**Exercise brief**
Leave every picture out and write out the records below exactly.

**Data items**
---

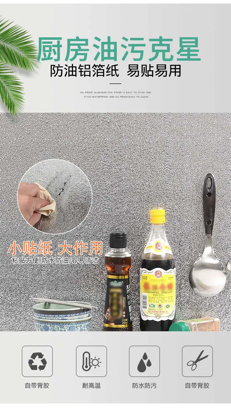Este producto es una pegatina de cocina a prueba de aceite, que es autoadhesiva, engrosada, resistente a altas temperaturas y fácil de limpiar.
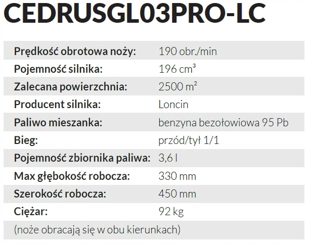 Půdní kultivátor CEDRUS GL03PRO-LC je univerzální a všestranný kypřič půdy s nezávislým pohonem kol. Určeno pro použití na zahradách, ve fóliových tunelech, sklenících a na farmách s řádkovými plodinami. Pohon kol poskytuje vynikající odpružení síly přenášené pracovními noži, snižuje pracovní úsilí a umožňuje důkladné nakypření půdy při prvním pracovním přejezdu. Kola také usnadňují převážení stroje na pracoviště, které je u tohoto kypřiče půdy lehké a efektivní. Vybavení GL03PRO-LC s výkonným a spolehlivým motorem Loncin, zpětný chod nebo nastavitelná pracovní hloubka, dělá z kypřiče půdy vysoce výkonný stroj. Příprava půdy nebo kultivace se s jeho pomocí stává snadnou, rychlou a příjemnou. CEDRUS GL03PRO-LC - je profesionální půdní kypřič - s funkcí změny směru otáčení nožů během práce
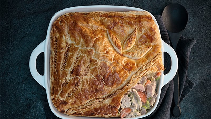 4 Roll out the puff pastry on a lightly floured board until it’s the thickness of a €1 coin and large enough to easily cover the pie dish. Brush the edge of the pie dish with egg wash, then cover with the pastry. Use a sharp knife to trim down as necessary and use a fork to lightly press around the edge to crimp it. Stamp or cut out leaves from the pastry leftovers and use to decorate the pie if liked. Brush with more egg wash and make a small hole in the middle to allow the steam to escape.
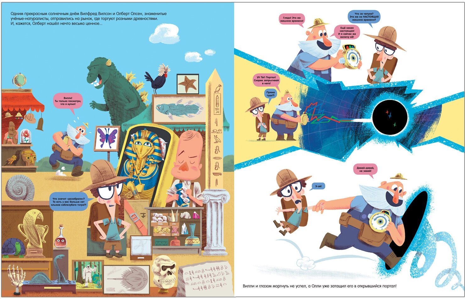 Знакомьтесь: это Вилфред и Олберт, знаменитые ученые-натуралисты. Им выпала уникальная возможность совершить путешествие во времени. Они побывают в далеком прошлом в момент зарождения вселенной, отправятся в эпоху динозавров и мамонтов, застанут время появления первых людей! Но как они вернутся домой? Ответ вы найдете в книге «Сквозь время без тормозов» из серии «Вилли и Олли. Познавательный комикс». Вас ждет завораживающий мир, который создал популярный детский автор и художник Стефан Ломп. Он наполнил этот мир огромным количеством удивительных животных и существ, головоломками и заданиями на логику и внимательность, забавными диалогами главных героев. Благодаря большому формату удобно подолгу рассматривать книгу, находя всё новые и новые подробности и детали на иллюстрациях. Вы готовы отправиться в путешествие сквозь время без тормозов?
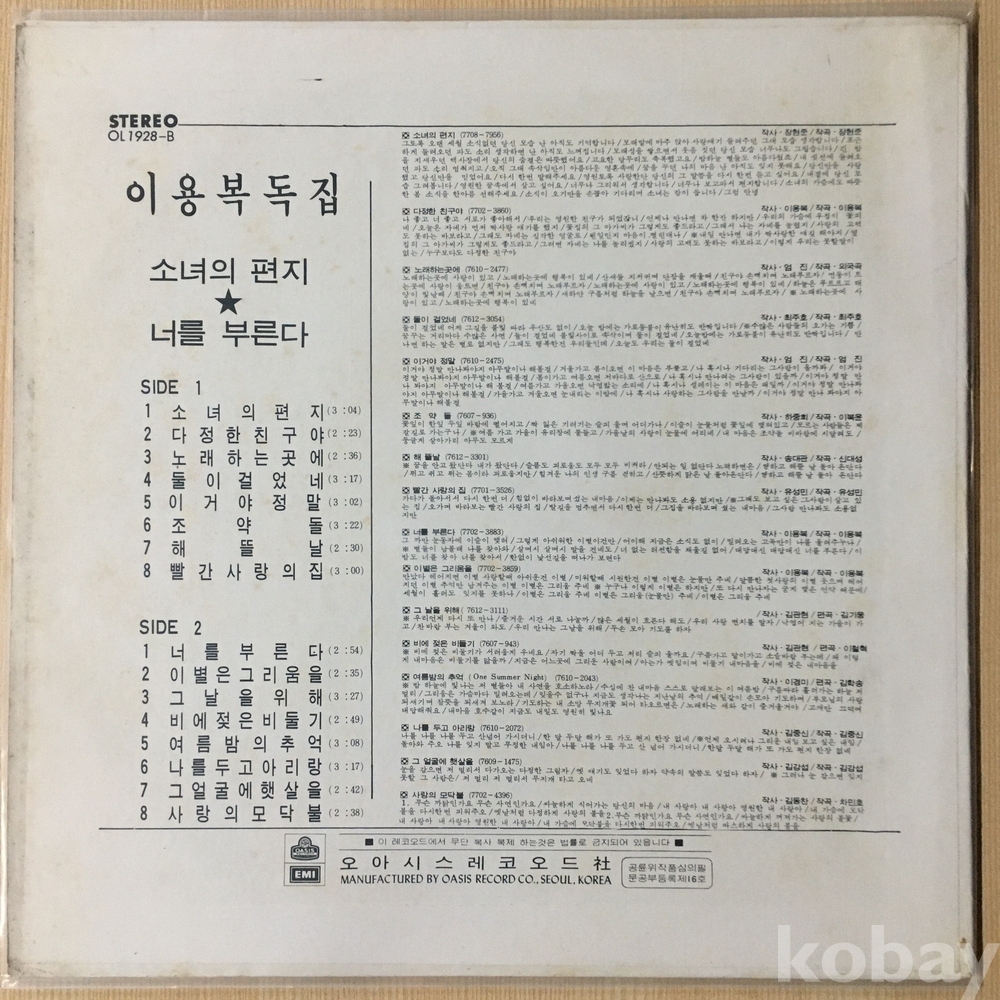 이용복 독집 - 소녀의 편지/너를 부른다

---

**Output for this exercise**
Este producto es una pegatina de cocina a prueba de aceite, que es autoadhesiva, engrosada, resistente a altas temperaturas y fácil de limpiar.
 Půdní kultivátor CEDRUS GL03PRO-LC je univerzální a všestranný kypřič půdy s nezávislým pohonem kol. Určeno pro použití na zahradách, ve fóliových tunelech, sklenících a na farmách s řádkovými plodinami. Pohon kol poskytuje vynikající odpružení síly přenášené pracovními noži, snižuje pracovní úsilí a umožňuje důkladné nakypření půdy při prvním pracovním přejezdu. Kola také usnadňují převážení stroje na pracoviště, které je u tohoto kypřiče půdy lehké a efektivní. Vybavení GL03PRO-LC s výkonným a spolehlivým motorem Loncin, zpětný chod nebo nastavitelná pracovní hloubka, dělá z kypřiče půdy vysoce výkonný stroj. Příprava půdy nebo kultivace se s jeho pomocí stává snadnou, rychlou a příjemnou. CEDRUS GL03PRO-LC - je profesionální půdní kypřič - s funkcí změny směru otáčení nožů během práce
 4 Roll out the puff pastry on a lightly floured board until it’s the thickness of a €1 coin and large enough to easily cover the pie dish. Brush the edge of the pie dish with egg wash, then cover with the pastry. Use a sharp knife to trim down as necessary and use a fork to lightly press around the edge to crimp it. Stamp or cut out leaves from the pastry leftovers and use to decorate the pie if liked. Brush with more egg wash and make a small hole in the middle to allow the steam to escape.
 Знакомьтесь: это Вилфред и Олберт, знаменитые ученые-натуралисты. Им выпала уникальная возможность совершить путешествие во времени. Они побывают в далеком прошлом в момент зарождения вселенной, отправятся в эпоху динозавров и мамонтов, застанут время появления первых людей! Но как они вернутся домой? Ответ вы найдете в книге «Сквозь время без тормозов» из серии «Вилли и Олли. Познавательный комикс». Вас ждет завораживающий мир, который создал популярный детский автор и художник Стефан Ломп. Он наполнил этот мир огромным количеством удивительных животных и существ, головоломками и заданиями на логику и внимательность, забавными диалогами главных героев. Благодаря большому формату удобно подолгу рассматривать книгу, находя всё новые и новые подробности и детали на иллюстрациях. Вы готовы отправиться в путешествие сквозь время без тормозов?
 이용복 독집 - 소녀의 편지/너를 부른다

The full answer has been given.